Now almost every article mentions that only utf should be used, because it is modern, universal and generally very useful. Without in any way denying this fact, I would like to express bewilderment to those authors who simultaneously say the speed of the scripts, appealing to the fact that it is better to write ++ i than i ++, because of the speed of work.
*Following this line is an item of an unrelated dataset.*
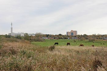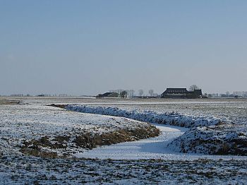Links: tussen de Paddepoelsterweg en de wierden van Enens; de sloot op de foto ligt in het verlengde van de laagte ten zuiden van Enens.
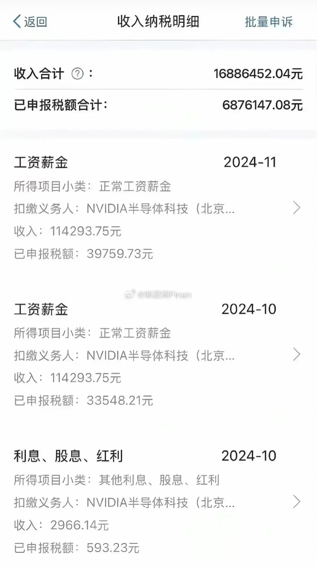 一位英伟达北京分公司员工晒出了工资条,总薪酬1688万,个税687万,月薪11.43万,基础年薪100万,剩下全是股票分红…

So the surprise is that working with utf is slower than with cp1251. Because the size is larger and there is no “alignment” of letters by bytes. It's about
php / mysqlIn fact, this is nothing particularly terrible. In contrast to the jambs in the code, using utf does not slow down the work as much, but also slows down linearly, so the issue in most cases is very easy to solve by scaling. If you have never tried to force out more powerful money from the customer / employer to the server, this should reassure you.
')
If you are not reassured, then below are a few numbers that may be useful to you.
Patient: not very powerful VDS, only one at the node (so it's easier to drag it here, but here it doesn't matter), a couple of tables for several million lines, a Russian text, a bit of English. Before each test reboot, the server is no longer loaded. Tests are conducted at least 3 times, the table goes average.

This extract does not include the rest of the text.